In this case, researchers want to use the technology to create entire genomes. Burak Yelmen, one of the scientists from the University of Tartu’s Institute of Genomics, told Digital Trends, “One of the main problems here is assessing the quality of artificial genomes. You can look at an image and decide if it looks real, but this is not possible for genomes.”
The technology could theoretically be used to create the genetic blueprint of a person who doesn’t exist. It would be indistinguishable from a real person’s genetic code. However, some remain skeptical of whether the AI would be able to compile an entire genome successfully and accurately.
Genetics research is highly restricted due to the sensitive, extremely personal nature of DNA. Any genome that currently sits in a database comes from a real person and is unique to them. In a sense, there is nothing more personal than your DNA.
Companies and organizations that handle genetic data are tasked with guarding the privacy of those to whom the DNA belongs. This makes research in the field difficult. Many organizations aren’t allowed to release genetic data for research purposes—even if it has been anonymized. That’s because there is simply no way to study a complete genome without being able to link it back to the person it came from—even if that isn’t the intention of the research.
An artificial genome could help researchers overcome the obstacles associated with obtaining genetic datasets to study. Since the AI-generated DNA can’t be traced back to a real person, it wouldn’t need to be handled with the same level of caution.
Moreover, it could help speed up the research process by giving researchers larger and more diverse datasets to study. In a paper published in the journal PLOS Genetics, the researchers say, “Generative models and [artificial genomes] AGs have the potential to become valuable assets in genetic studies by providing a rich yet compact representation of existing genomes and high-quality, easy-access and anonymous alternatives for private databases.”
More Work to Do
At this stage, the researchers’ work in generating artificial genomes is still in the early stages. Much more work will be needed before the AI-generated DNA can be used in real-world studies. Understandably, before artificial genomes can be used in studies that affect humans, researchers need to be certain that they are perfect.
As mentioned earlier, doing so is not an easy task. This has led to plenty of scrutiny around the approach and whether or not it is viable for real-world use.

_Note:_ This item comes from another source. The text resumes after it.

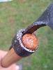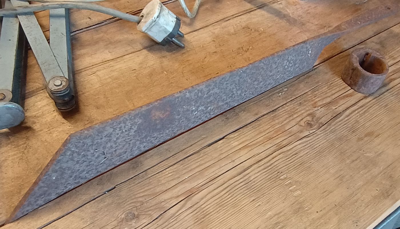 Ich muss zugeben, dass ich beim Kauf einen schönen kräftigen Sax vor meinem geistigen Auge sah. Je mehr ich mir dieses schöne Teil aber betrachtete, täte mir das Herz bluten, wenn ich es umgestalten würde. Und da ich schon einige Saxe habe, hab ich mir einen alten, vorne abgebrochenen Schippenstiel aus Esche mit interessanter Kurvenform genommen und ging frisch ans Werk.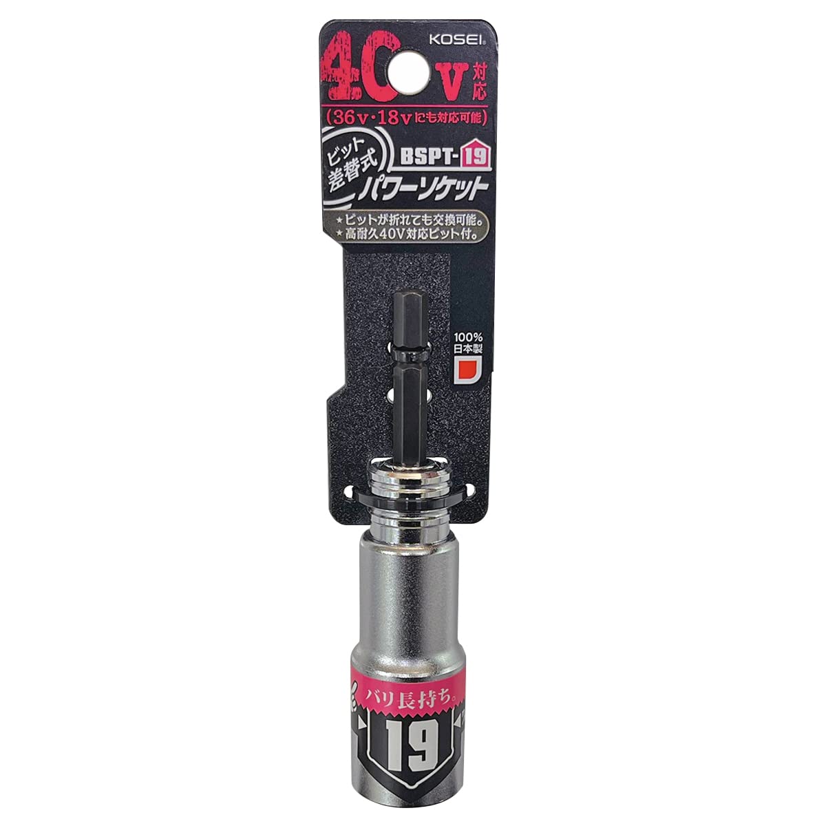 【数量限】ベストツール KOSEI 40V対応 ビット差替式パワーソケット 19mm 差込角6.35mm インパクトドライバー用ソケット 六角深穴タイプ 高耐久鋼NKD-1仕様 18V対応 36V対応 日本製 BSPT-19 コーセイ

Deanna Church, a geneticist not associated with the project, told Futurism, “My initial take is that it is interesting, but I’m not sure I see real practical implications.”
“Just because you can’t computationally distinguish these generated genomes from real genomes doesn’t mean they’ve really preserved functional motifs and domains that are important—there is much of this we still don’t understand,” she adds.
Indeed, Church highlights the biggest flaw with the AI-based approach. Humanity still has very limited knowledge about how AI technology works. Likewise, the realm of genomics also remains shrouded in mystery. Putting the two together creates a number of complications simply because we don’t understand each field enough.
While artificial genomes may be very helpful in the future, it doesn’t appear that they will be ready for real-world applications anytime soon.
Still, the research is promising. By investing time to start understanding these technologies today, we will be better prepared to use them in the future. We’ll also be better equipped to use them ethically and stop those who would do otherwise.